Как ни смешно, но на поверхности жизни все последние шесть месяцев ее удерживал теннис – тот самый теннис, который так любил Набоков и в который играли британские леди и джентльмены в эпоху королевы Виктории.

Бабушка нашла способ обхитрить монстров из Майкиных снов. Как-то раз они взяли такси и поехали в разросшийся теннисный магазин на «Белорусской» и, к изумлению продавцов, скупили все мячи, которые только были на складе – сотни зеленых спасительных малышей, в гору которых Майка зарывалась перед сном и в горе которых просыпалась поутру.

Мячи залезали своей пушистой зеленой шкурой к ней в нос, рот и глаза еще до пробуждения, обволакивали особенным запахом корта все ее тело еще до того, как мозг начинал зашвыривать в сознание картинки клинского Макдоналдса, так и не купленной теннисной ракетки и солнечных зайчиков на окне родительской машины цвета мокрого песка. Вот и сегодня мячи спасли ее от очередного витка утреннего ужаса.

Она резко поднялась с кровати, когда будильник прозвонил шесть тридцать утра, откинула одеяло, и на пол спрыгнуло с десяток мячей, а вместе с мячами на пол соскользнула разомлевшая беременная Груша.

– М-мр-р-р.

– Груша, – пробормотала Майка и, поддавшись желанию прижать к себе этот шерстяной растрепанный шар с космическим глазами, хотела было взять кошку на руки, но та не спеша и весьма красноречиво потрусила на кухню. – Поняла, сейчас покормлю, только дай мне закинуть вещи в сумку, окей?

Майка вытащила спортивную сумку из-под кровати. Она стояла босыми пятками на полу и дрожала от холода. Но так было даже лучше – тут подходил любой способ отвлечься от тупой боли в груди. Клин клином, так сказать: холодный пол, холодный душ, холодное-прехолодное солнце за окном и холодное лезвие ножичка для резки бумаги. Ах, как грустно, сверкнул насмешливой улыбкой папа и потрепал ее по макушке; он был так близко, совсем рядом, стоило лишь прикрыть глаза и протянуть руку, чтобы дотронуться до него…

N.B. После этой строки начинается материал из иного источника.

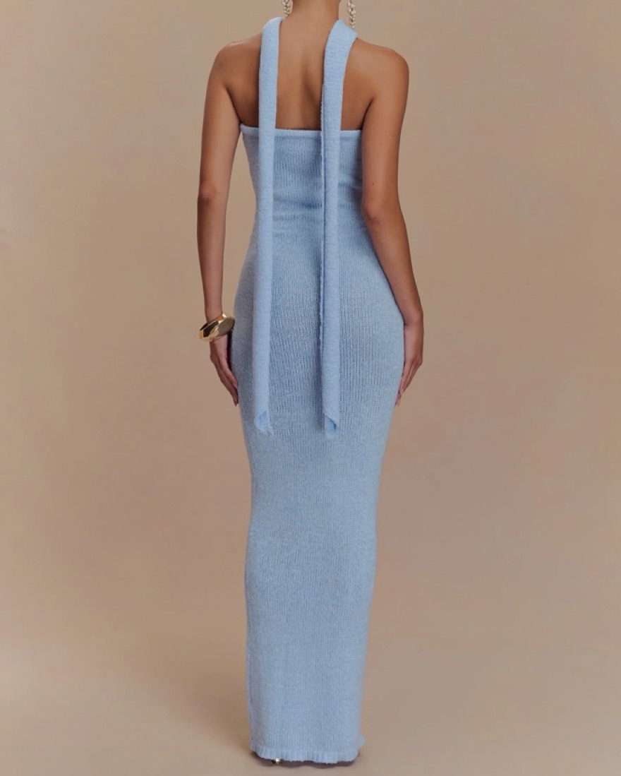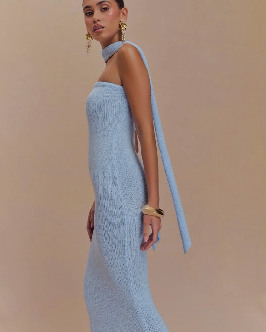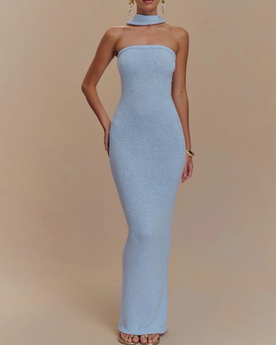 The ANDREA Strapless Knit Maxi Dress is the epitome of sleek sophistication. Designed with a fitted silhouette and an elastic top edge for a secure and flattering fit, this dress effortlessly contours the body. The maxi length adds elegance, while the mesh-lined removable scarf offers versatility

– Нет, только не сегодня, пожалуйста, не сейчас.

Она поднесла к носу мяч, вдохнула аромат каучука, немножечко пришла в себя и, щелкнув выключателем у прикроватной тумбочки, взглянула в открытый зев своей спортивной теннисной сумки. В ней лежали носки, ракетка, напульсник, мячи, кроссовки, лайкровая футболка, шорты, полотенце, расческа, резиновые тапочки, дезодорант, а под сумкой виднелся уголок огромного пыльного коллажа, который она уже два месяца прятала под кроватью не столько от бабушки, сколько от себя самой.

Коллаж состоял из зацепок, которые ей и Косте удалось собрать за время расследования, и вызывал у нее страшное волнение всякий раз, когда Майка на него смотрела. Сердце начинало биться, возвращалось ощущение тревоги, которую в первый месяц она испытывала круглые сутки; перед глазами, точно как пишут в книгах, мутнело; всю ее помимо воли начинало трясти; и обычный, в сущности, кусок бумаги обретал над ней страшную, непонятную власть.

Психолог объяснила, что дело в выбросе кортизола, адреналина и норадреналина, которые ее надпочечники вырабатывают каждый раз, когда она сталкивается с вещами, приводящими в движение травму, поэтому смотреть на эти вещи было нельзя. Майка уже хорошо представляла свои волшебные железы треугольной и полулунной формы, которые устали от того, что гипоталамус постоянно заставляет их вбрасывать в кровь стресс. Но пыльный кусок бумаги под кроватью притягивал ее, как кокаин притягивает наркомана, и ей приходилось напоминать себе снова и снова, что лишь она решает, смотреть на коллаж или нет, потому что иногда уверенности в этом у нее совсем не оставалось.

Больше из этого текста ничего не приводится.